2nd Year Workshop: Tips for generating research ideas

Ian McCarthy, Emory University and NBER

Economics PhD Professionalism Workshop

Where to get ideas?

If you’re feeling lost right now, that’s completely normal. You just spent a year or two learning tools. Now you’re supposed to use them, and nobody gave you a manual for that part.

The good news: ideas are everywhere. The hard part is learning to see them.

  1. Read non-academic policy papers/briefs
    • Examples from health econ: Commonwealth Fund, Petersen-KFF, Health Affairs or NEJM opinion pieces
    • Every field has equivalents — find the policy outlets and trade publications in your area
    • Newspapers and podcasts count too
  1. Academic papers and survey articles
    • Read the abstract and skim the rest (you’ll read more carefully later)
    • JEP and JEL are good for survey articles
    • Get TOC notifications from relevant journals
    • NBER working papers
    • Use AI tools to help digest papers (Elicit, Semantic Scholar, Scholarcy)
  1. Seminars
    • Attend and read papers in advance
    • Meet with speakers and ask questions
    • Pay attention to what the audience asks — that’s where the gaps are
  1. Talk to faculty
    • You don’t need a polished idea to schedule a meeting
    • Bring 2-3 half-baked topics and say “I’ve been thinking about X, does this seem like there’s something here?”
    • The goal is to leave with a sharper version of what you came in with, not to impress anyone
  1. Talk to classmates
    • Your cohort sees the world differently than you do — that’s an asset
    • Throw out ideas over coffee. Most will be bad. That’s the point.
  1. Diversify
    • Read outside of your narrow subfield
    • You are an economist first
    • Be curious and engaged

From topic to idea

A topic is not an idea. An idea has a question with an answer you can find in data.

Topic Research question
“I’m interested in hospitals” “Do hospitals change their service mix when a nearby competitor closes?”
“Education policy seems important” “Does reducing class size in early grades affect long-run earnings?”
“I want to study trade” “How do firms adjust employment when tariffs are unexpectedly reversed?”

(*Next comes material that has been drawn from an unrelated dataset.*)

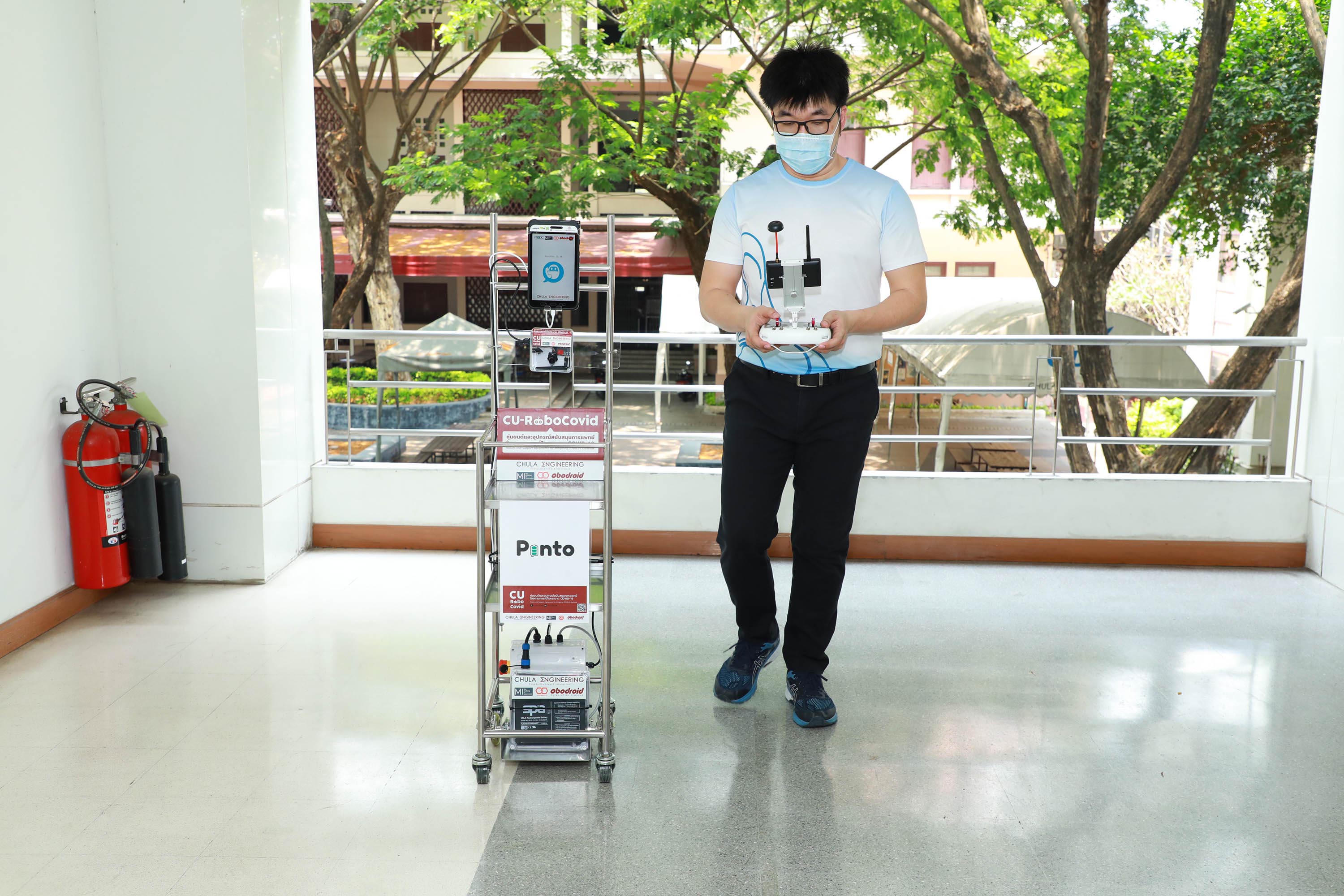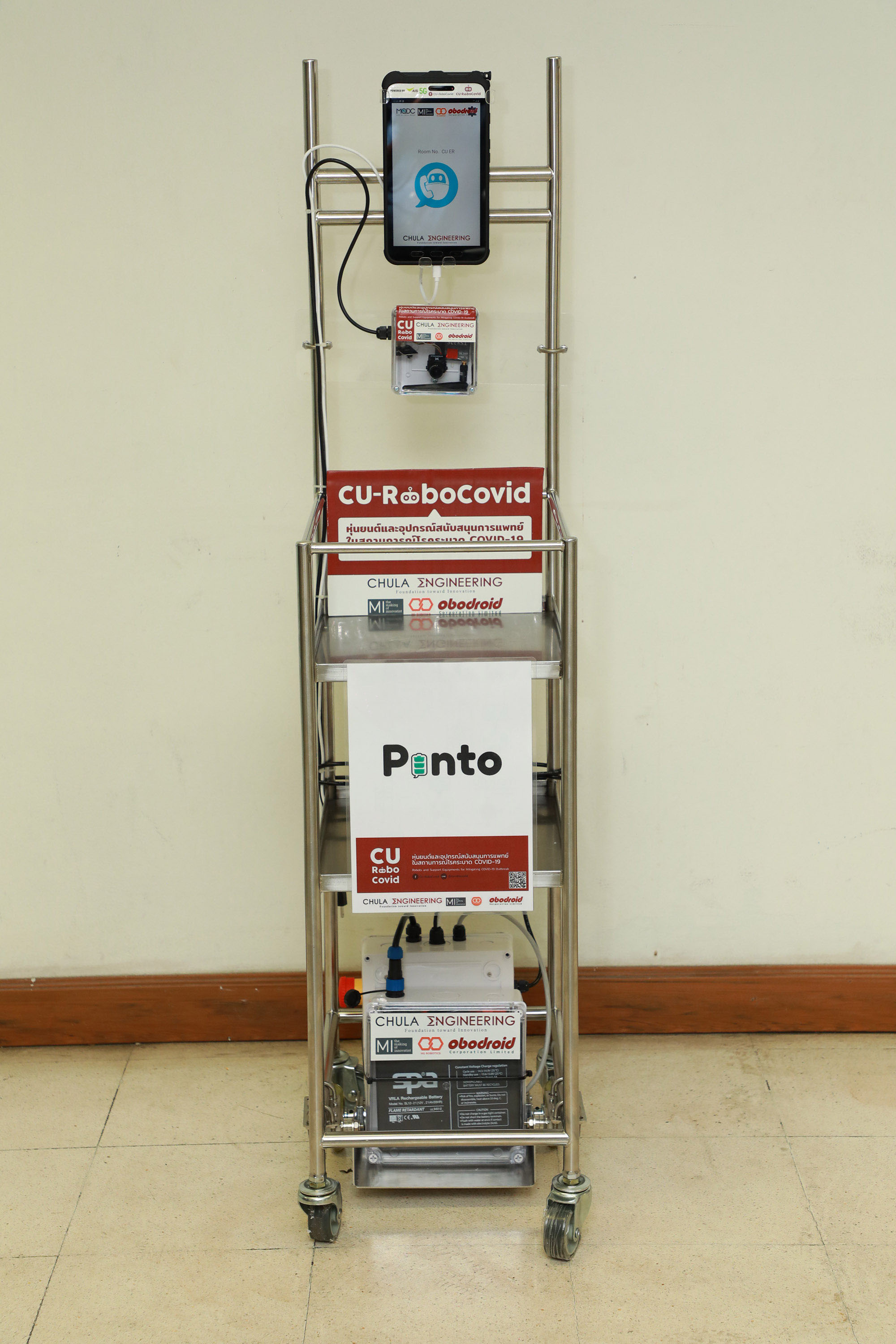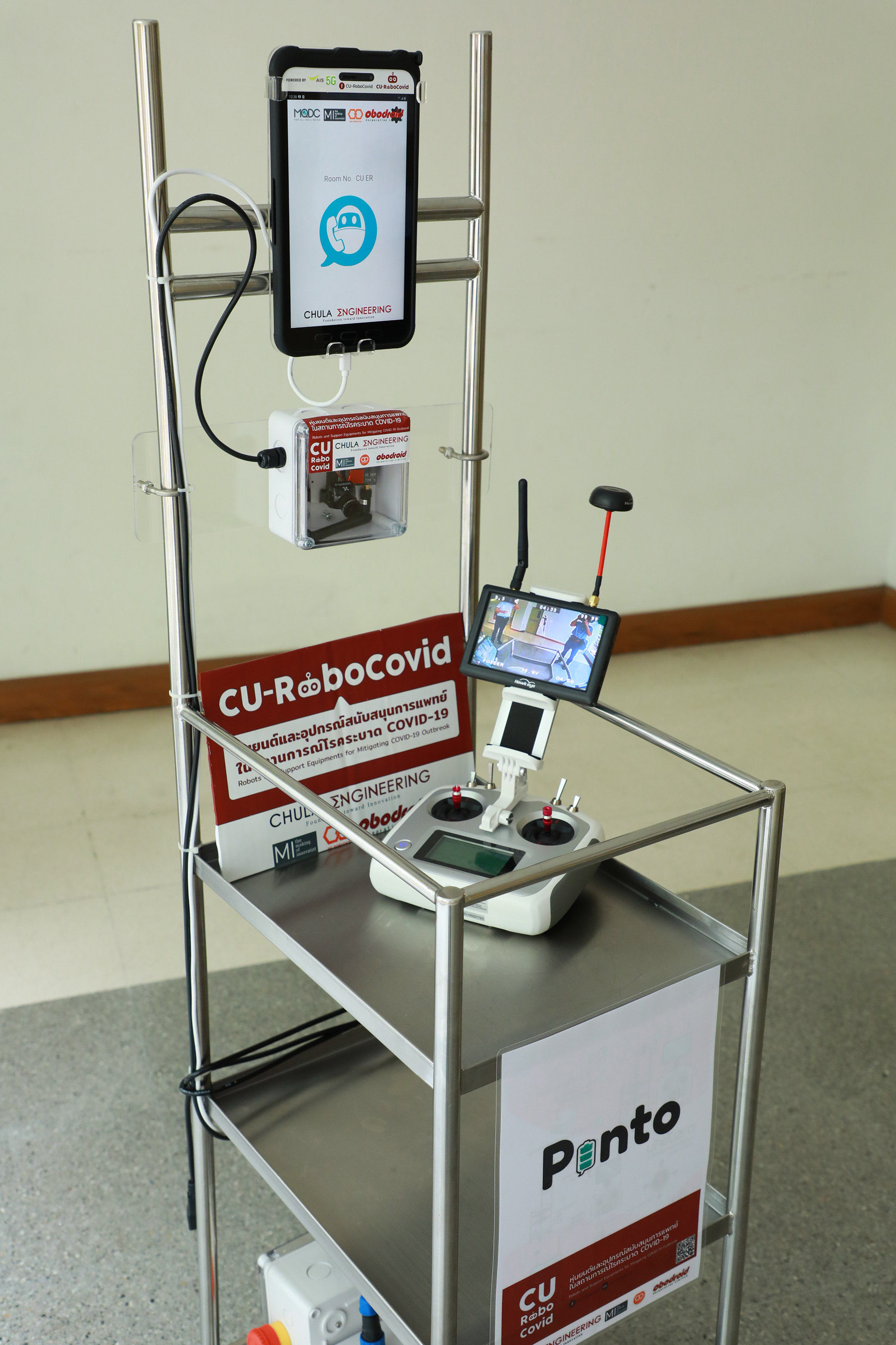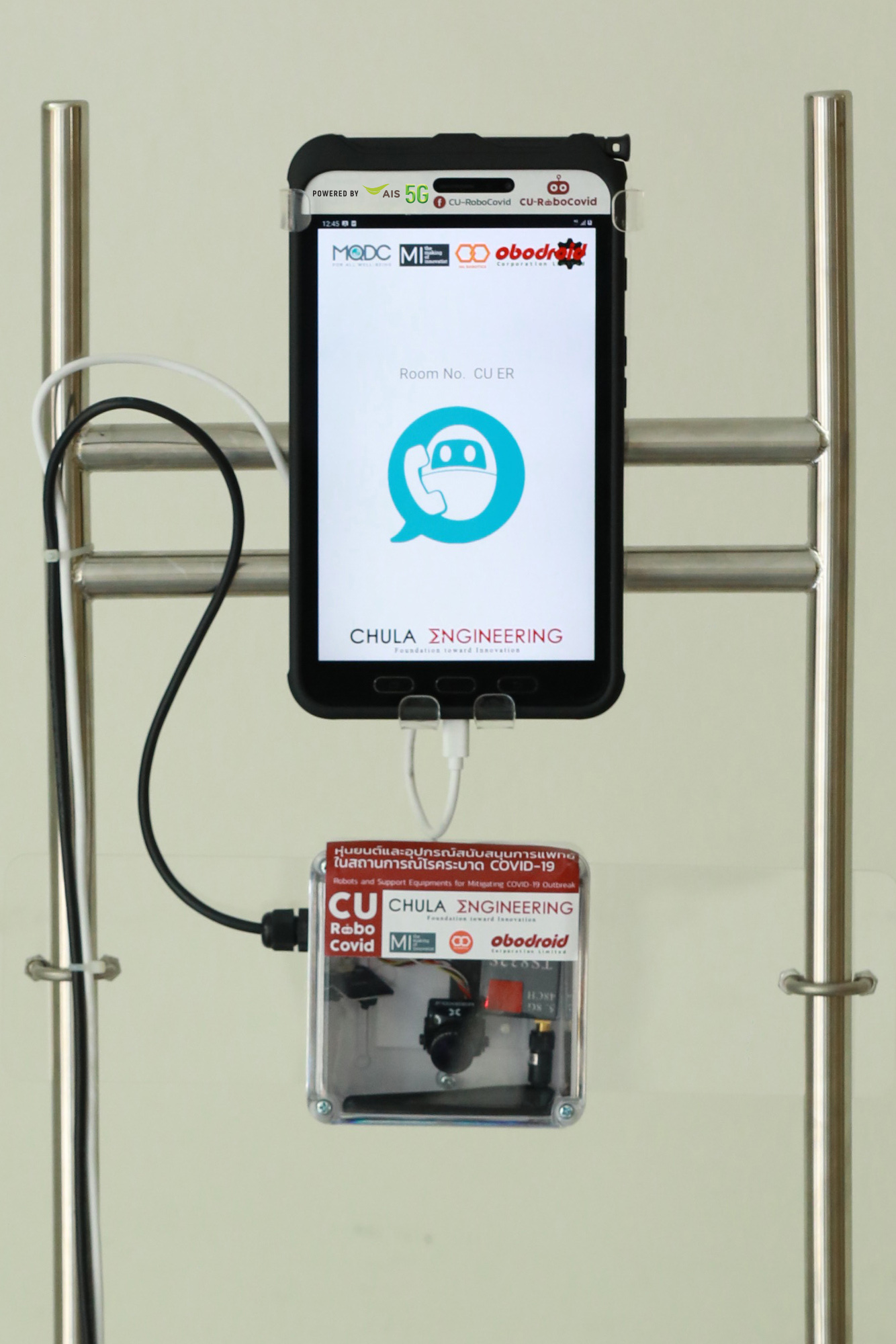 2. ช่วยในการสื่อสารระยะไกล ผ่านหน้าจอที่ติดอยู่ ณ รถเข็นด้วยการควบคุมทางไกลบนเครือข่ายสื่อสารไร้สาย ช่วยให้แพทย์ พยาบาล สามารถติดตามดูแลคนไข้ได้ตลอดเวลา โดยระบบนี้จะช่วยลดทั้งอุปกรณ์ทางการแพทย์ที่ต้องทิ้งทุกครั้ง เมื่อเปลี่ยนโซนการตรวจ และลดระยะเวลาการเข้าใกล้ชิดผู้ป่วยติดเชื้อของบุคลากรทางการแพทย์

Most of your early ideas will be topics, not questions. That’s fine. The work is in narrowing.

Kill bad ideas quickly. If you can’t find data, or the answer is obvious, or nobody would care about the answer — move on. Don’t spend a semester on something you could have ruled out in a week.

Keep track of your ideas

Find a system and stick with it. It barely matters which one — what matters is that you write things down when you think of them, not later.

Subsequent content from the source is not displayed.